As has been stated, a Let's Play allows a scholar to see not only the text of the game itself, but also material that, while not part of the game proper, may provide further elucidation on a game's themes, or perhaps information as to the author's intentions. When an LP splices in cut content, they allow a scholar to see that cut content as it "could have been", in the context of the game as a whole. When they add official information that is not included in the game ROM, such as passages from instruction manuals and strategy guides, they not only can clear up things made unclear in bad translations or the LP writer's choice of path, but also provide a quick reference for further investigation; that is, more sources to investigate.

And when a Let's Play includes the LP writer's commentary, silly or scholarly, they perform the work that critiques of literature and textbooks on art have done for decades: interpretation of a work, which is itself a foundation on which one can build further critiques and investigations of a piece of art. While a typical LP covers the entire length of a game, from beginning to end, this means that, while comprehensive, they often leave plenty of room for further work: interpretations of individual scenes, game mechanics, and other portions of games as unconnected from the rest of the text. An LP writer often invites others in his or her community to contribute to the work, in the form of their own commentary, or interpretive artwork, or even competing LPs; in this way, each LP is itself a boiling stew of jumping-off points for further work. Finally, a good LP is always a fascinating read on its own merits, apart from the game it examines - and as a good read, it is itself a text that could prove worthy of interpretation and examination.

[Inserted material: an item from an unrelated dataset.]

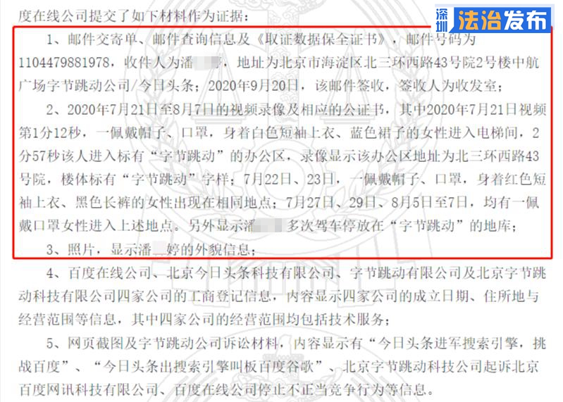 有一個細(xì)節(jié)值得注意:百度公司不僅向字節(jié)跳動辦公地址寄去收件人為潘某某的快遞,而且向法庭提供了潘某某出現(xiàn)在字節(jié)跳動辦公區(qū)、駕車停放在字節(jié)跳動地庫等多個視頻錄像,這些舉動被網(wǎng)友解讀為現(xiàn)實版諜戰(zhàn)大片。很多人從案件看到互聯(lián)網(wǎng)行業(yè)激烈的人才爭奪戰(zhàn)和同業(yè)競爭的殘酷,也再次感受到競業(yè)限制的威力。

Since a Let's Play produces the foundation, support, and even the simple interest and time to invest in a scholarly work on a video game, it seems that they are, in fact, a critical step in the acceptance of video games as an art form, as they provide so much towards the experiencing and interpreting of games.

Friday, October 23, 2009

Reading "Let's Play"

So I read a lot of Let's Plays ("LPs") - the screenshot type, of course; anything else would be "watching". I also read them aloud to my girlfriend, and she enjoys it. I try to do voices and such. She enjoys them enough to make sure her computer is recording every chapter, in fact.

So I was thinking, that might be a good way to keep in touch with her while I go to school in Florida. It wouldn't be a supreme amount of material... And if I decided to get creative, I could splice the screenshots into a video and send a whole presentation instead. But at the least, the audio files alone would work well in a "RiffTrax" sort of way; just read along with the original material while I read aloud.

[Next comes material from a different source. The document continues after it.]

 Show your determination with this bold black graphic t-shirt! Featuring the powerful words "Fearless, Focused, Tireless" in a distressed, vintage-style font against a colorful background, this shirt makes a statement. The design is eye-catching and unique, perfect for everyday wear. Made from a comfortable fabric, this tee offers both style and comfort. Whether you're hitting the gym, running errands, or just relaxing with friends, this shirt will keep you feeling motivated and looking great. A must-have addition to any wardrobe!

Of course, I'd have to step up my readings a little - when I'm just doing it for my girlfriend, I don't worry about things like coughs, or mispronunciations, or anything like that.

But still, could be fun.

Tuesday, October 23, 2007

Some ideas, for future reference.

This is what happens when I watch too much Star Trek: Enterprise.

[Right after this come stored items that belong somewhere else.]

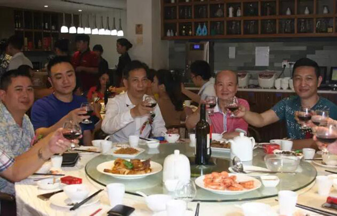 最后,大家到附近的一家餐厅进行了隆重又温馨的聚餐酒会。大家一同举杯,共同祝贺嘉盛木门东方店生意兴隆、财源滚滚!
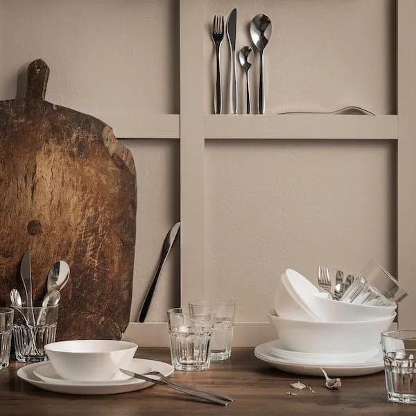 This tableware has the same look and feel as bone porcelain, but is made of tempered glass. This means that we can push the price down and you get an elegant and shiny product – at a lower cost.
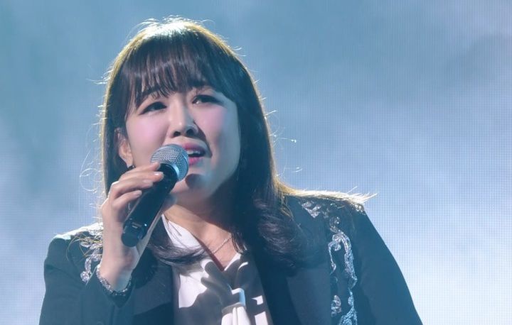 3일 오후 6시10분 방송한 KBS 2TV '불후의 명곡'(연출 박민정 박형근 신수정 이희성) 609회가 '아티스트 진성 편'으로 꾸며진 가운데 정미애는 한층 갸름한 얼굴로 시선을 끌었다.

Idea one, for an FFRPG campaign: Uses only non-human races. Essentially a Chrono Trigger type deal, with Humans erased from the timeline; the party must travel through time to prevent the same thing from happening to all races.

Idea two, for a video game (or maybe something else, with tweaking): A history professor is somehow sent back in time, due to a war involving time travel in the future. He has a camera that transforms into objects he takes pictures of. Using that, he has to keep history the way he knows it, stay alive, and figure out a way to get back to his own time.

...Oh, yeah, and this is the first post to this blog in a couple years. I may actually start posting to it again; I'd kind of like to. But if not, I can still use it as a scratchpad.